### Task requirements
Through the line with "बुलेटिनमा उल्लेख छ ।" and starting from the first line, return the records below word for word, with pictures left out.

Items from a data source:

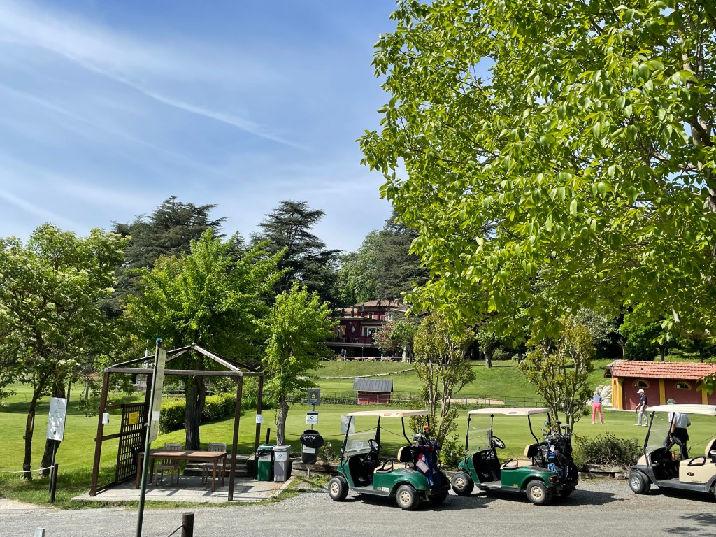 Vor dem altehrwürdigen, dunkelrot gefärbelten Clubhaus nimmt mir der Caddymaster das Bag ab, und im Sekretariat werde ich freundlich begrüßt, obwohl ziemlich viel los ist an diesem Wochentag. Am Putting Green übt fröhlich eine Schar Kinder unter Pro-Bewachung, im Proshop ist die Hölle los und an der Halfway, die auf dem Weg zu Tee 1 und 10 und neben den Übungsanlagen liegt, werden in lebhaftem Italienisch ganz offensichtlich spannende Runden besprochen. Was für eine Atmosphäre! Italien pur.
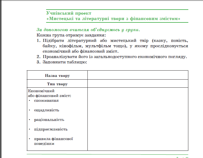Навчальний проєкт "Мистецькі та літературні твори з фінансовим змістом"
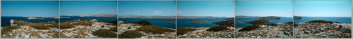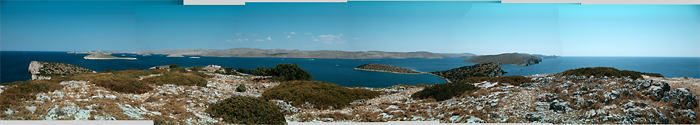 Panorama z wysepki Rasip - na wprost największa wyspa Kornat, najbliższa z lewej to M. Rasip, a z prawej Piskera.
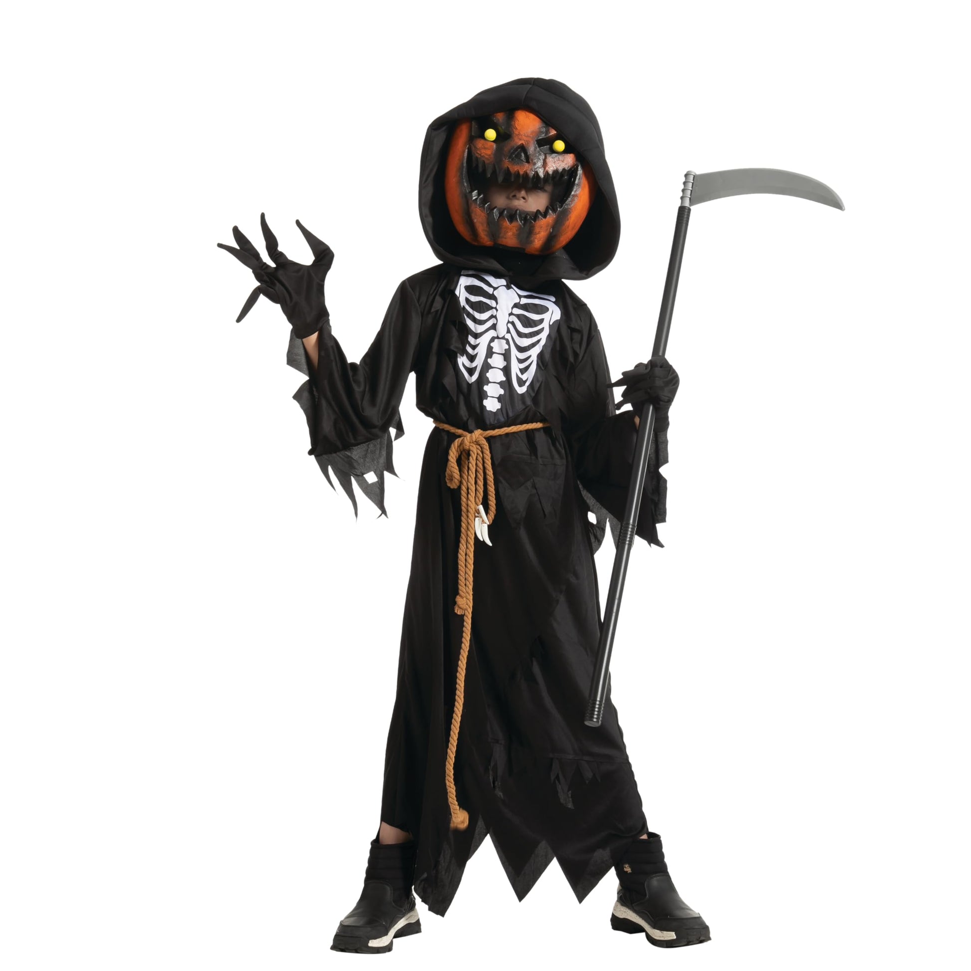 Disfraz de espantapájaros y calabaza para niño de Halloween con cabeza de calabaza para cosplay y juegos de rol (extragrande (12-14 años))
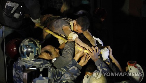 (신두팔촉<네팔>·서울=연합뉴스) 나확진 특파원 백나리 기자 = 대지진이 강타한 네팔 카트만두의 구조 현장에서 무너진 건물에 갇혀 82시간을 버틴 20대 남성이 기적적으로 구조됐다.
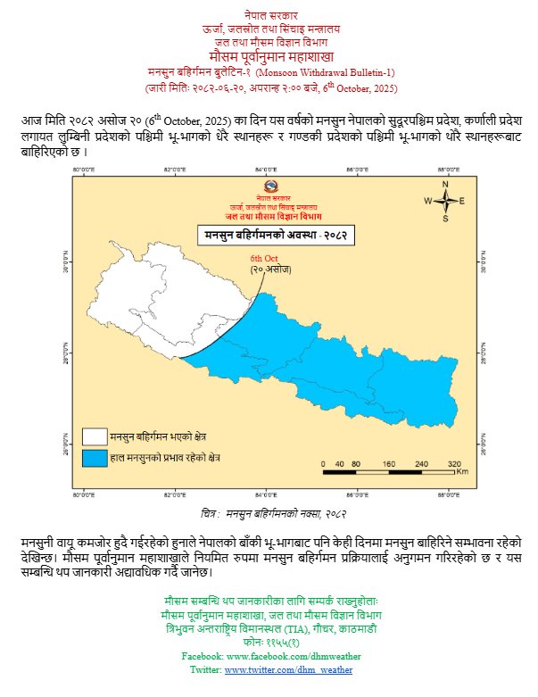 ‘आज मिति २०८२ असोज २० का दिन यस वर्षको मनसुन नेपालको सुदूरपश्चिम प्रदेश, कर्णाली प्रदेशलगायत लुम्बिनी प्रदेशको पश्चिमी भू–भागको धेरै स्थानहरू र गण्डकी प्रदेशको पश्चिमी भू–भागको थोरै स्थानहरूबाट बाहिरिएको छ’, महाशाखाले सोमबार दिउँसो जारी गरेको मनसुन बहिर्गमन बुलेटिनमा उल्लेख छ ।
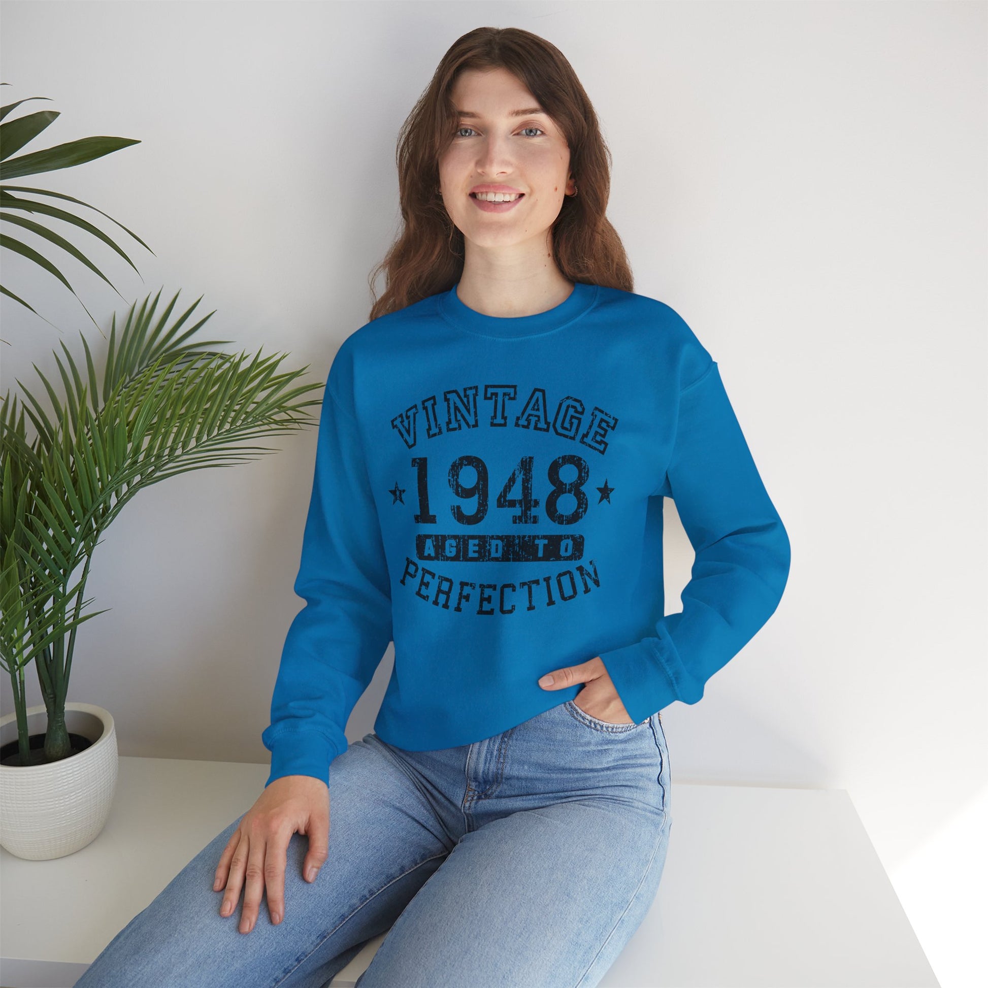 Designed for comfort and nostalgia, this cozy sweatshirt proudly displays the year 1948, making it the perfect gift for birthdays, anniversaries, or anyone who loves a vintage vibe. The simple yet bold design pairs effortlessly with any casual look.
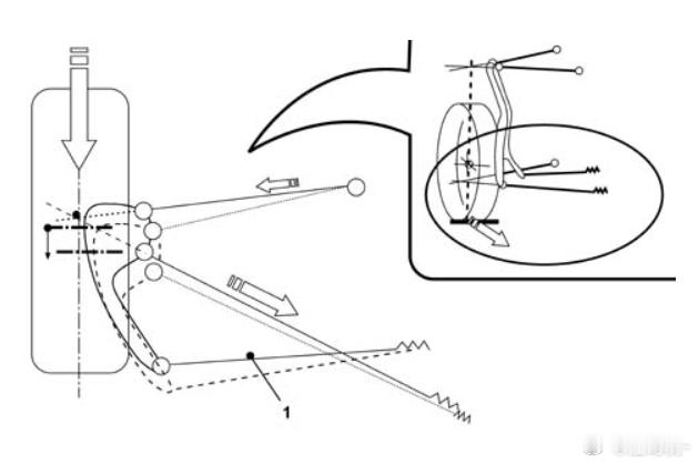 说说下摆臂解耦的另一面:图1所示,一个A臂用两个球头,解耦成两根连杆,延长线交汇成虚铰,形成虚拟主销。
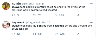 Fans speculated that Quavo took back the Bentley he gifted Saweetie with when they were still going strong. Some reports alleged he got the luxury car repossessed on Saturday morning (March 20th).
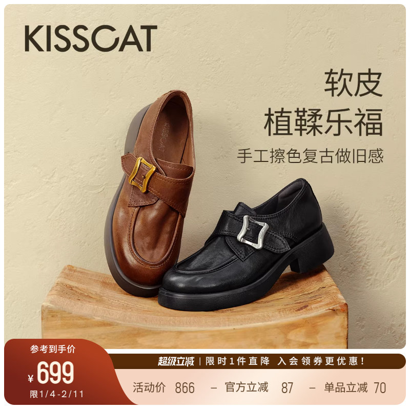 [心动的offer同款]接吻猫[银锭系列]厚底乐福鞋通勤黑色小皮鞋女
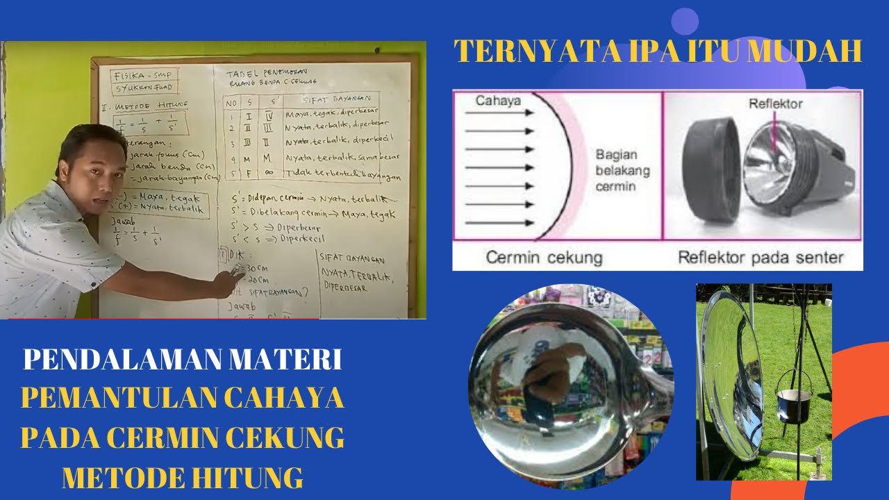 Pembentukan Bayangan pada Cermin Datar, Cekung, dan ... from materikimia.com Cermin merupakan suatu benda yang dibuat untuk memantulkan cahaya dan merefleksikan bayangan. Dalam ilmu fisika, cermin dibagi menjadi 3 jenis, yaitu cermin datar, cermin cekung dan cermin cembung. Cermin cekung atau cermin konkaf adalah cermin lengkung yang bagian dalamnya dapat memantulkan cahaya. Dari gambar terlihat bahwa tinggi minimal cermin datar l untuk dapat melukis bayangan yang dibentuk oleh cermin cekung biasanya digunakan tiga sinar istimewa. Akan tetapi, hasil akan lebih baik dan meyakinkan jika dilukis dengan tiga sinar istimewa sekaligus dengan langkah langkah. Cermin cekung berfungsi untuk memantulkan dan kemudian memfokuskan cahaya yang datang. Pembentukan bayangan pada cermin cekung. Latar belakang dalam kehidupan kita, cermin sangat berguna bagi kita.
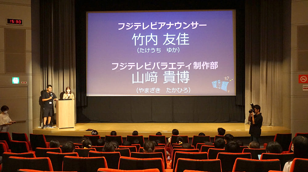 奈良の観光について研究を進める中、「奈良県はPRがうまくないのではないか」「どのようにPRするのが良いのだろうか」などの疑問が生まれ、様々な形で地域の良さを発信しているテレビ局で働く人から話を聞きたいとご連絡をいただき、『かけはしプロジェクト』の特別編として、竹内友佳アナウンサーとバラエティ制作部の山﨑貴博プロデューサーが子どもたちからの質問に答えました。
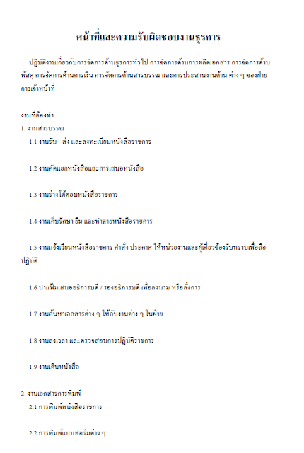 - หน้าที่และความรับผิดชอบงานธุรการ
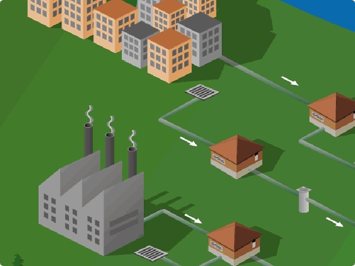 Otras estructuras más importantes: v Estaciones de bombeo: como la red de alcantarillado trabaja por gravedad, para funcionar correctamente las tuberías deben tener una cierta pendiente. En ciudades con topografía plana, es conveniente intercalar en la red estaciones de bombeo. v es. wikipedia. org/wiki/Estaci%C 3%B 3 n_de_bombeo Tubería en presión que se inicia en una estación de bombeo y se concluye en otro colector o en la estación de tratamiento. v. Depósitos de retención o también pozos o tanques, donde es necesario retener un cierto volumen inicial de las lluvias para reducir la contaminación del medio receptor (depósitos, tanques o pozos de tormentas).
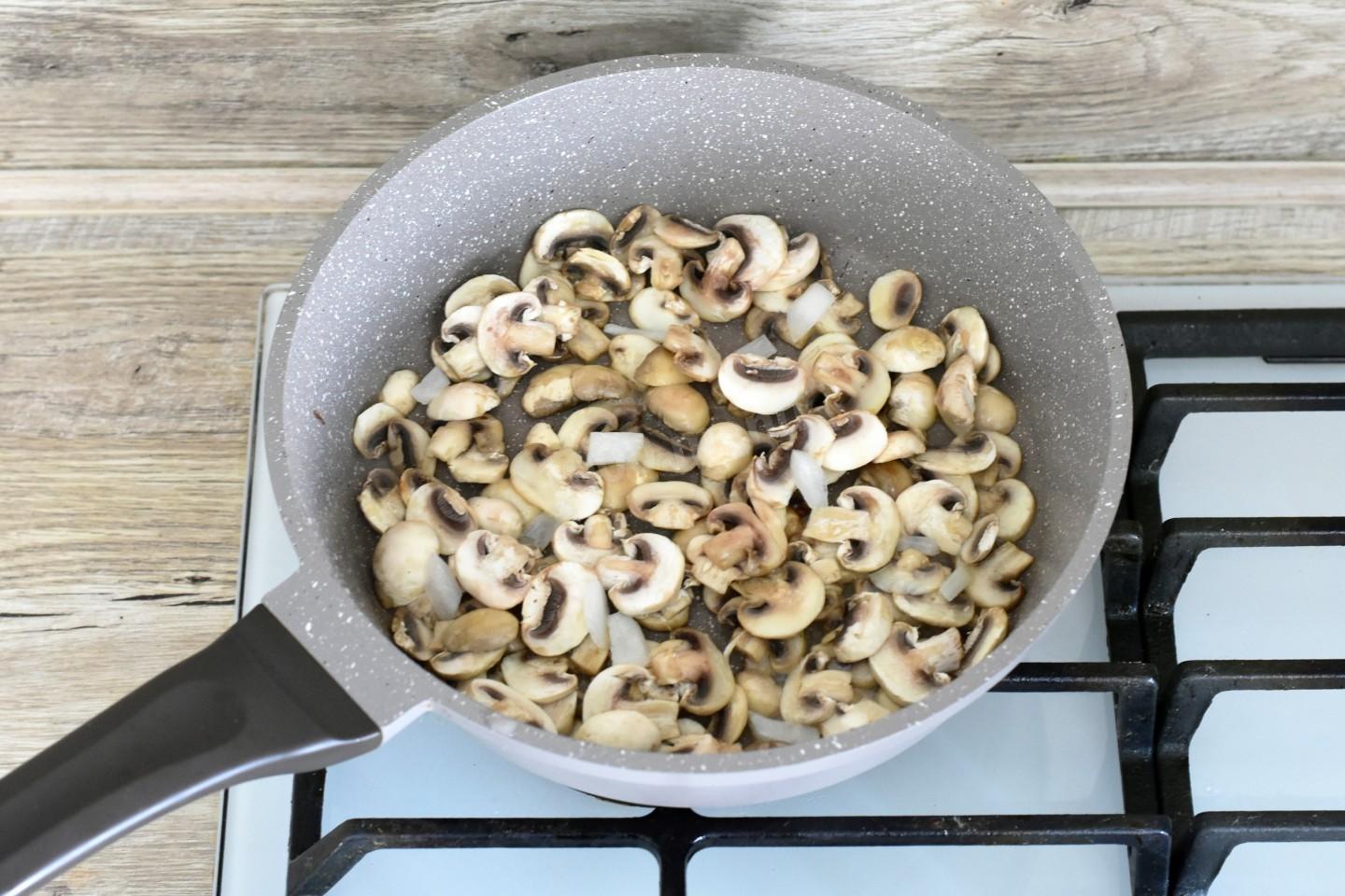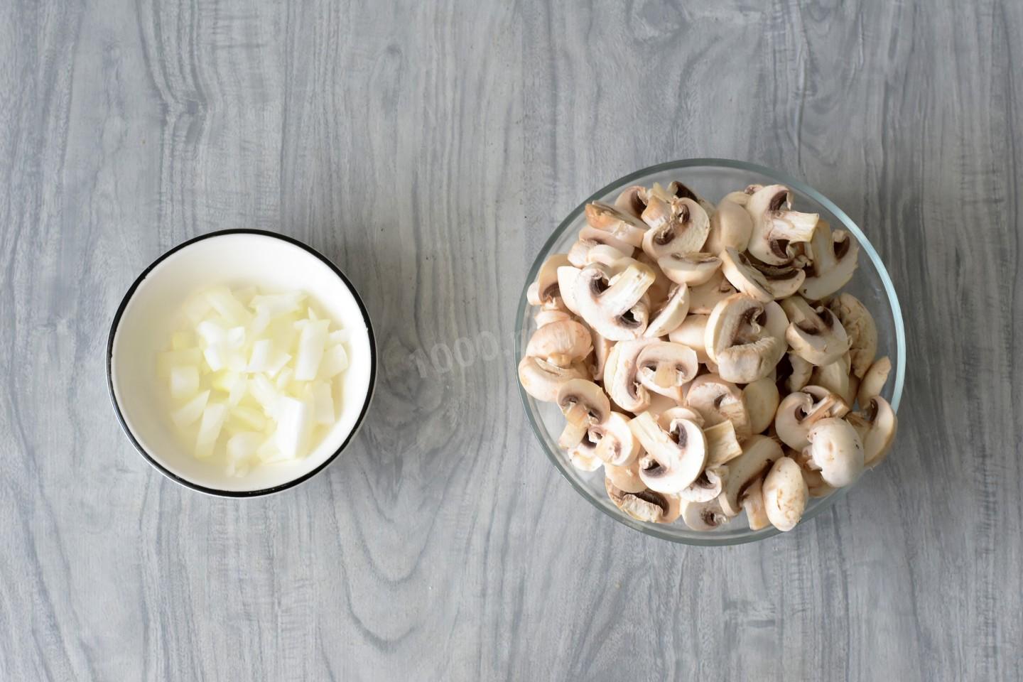 Шампиньоны вымойте, обсушите и нарежьте пластинками. Лучше берите мелкие грибочки. Если используете замороженные грибы, то берите их с запасом, раза в полтора больше, потому что при размораживании и обжаривании их останется буквально горсточка. Лук очистите от шелухи, промойте, обсушите и нарежьте кубиками. Перед нарезкой лук и нож ополосните холодной водой - это уменьшит раздражение глаз. Чтобы доска не впитала запах лука, протрите её долькой лимона.

### Worked solution
 Vor dem altehrwürdigen, dunkelrot gefärbelten Clubhaus nimmt mir der Caddymaster das Bag ab, und im Sekretariat werde ich freundlich begrüßt, obwohl ziemlich viel los ist an diesem Wochentag. Am Putting Green übt fröhlich eine Schar Kinder unter Pro-Bewachung, im Proshop ist die Hölle los und an der Halfway, die auf dem Weg zu Tee 1 und 10 und neben den Übungsanlagen liegt, werden in lebhaftem Italienisch ganz offensichtlich spannende Runden besprochen. Was für eine Atmosphäre! Italien pur.
Навчальний проєкт "Мистецькі та літературні твори з фінансовим змістом"
 Panorama z wysepki Rasip - na wprost największa wyspa Kornat, najbliższa z lewej to M. Rasip, a z prawej Piskera.
 Disfraz de espantapájaros y calabaza para niño de Halloween con cabeza de calabaza para cosplay y juegos de rol (extragrande (12-14 años))
 (신두팔촉<네팔>·서울=연합뉴스) 나확진 특파원 백나리 기자 = 대지진이 강타한 네팔 카트만두의 구조 현장에서 무너진 건물에 갇혀 82시간을 버틴 20대 남성이 기적적으로 구조됐다.
 ‘आज मिति २०८२ असोज २० का दिन यस वर्षको मनसुन नेपालको सुदूरपश्चिम प्रदेश, कर्णाली प्रदेशलगायत लुम्बिनी प्रदेशको पश्चिमी भू–भागको धेरै स्थानहरू र गण्डकी प्रदेशको पश्चिमी भू–भागको थोरै स्थानहरूबाट बाहिरिएको छ’, महाशाखाले सोमबार दिउँसो जारी गरेको मनसुन बहिर्गमन बुलेटिनमा उल्लेख छ ।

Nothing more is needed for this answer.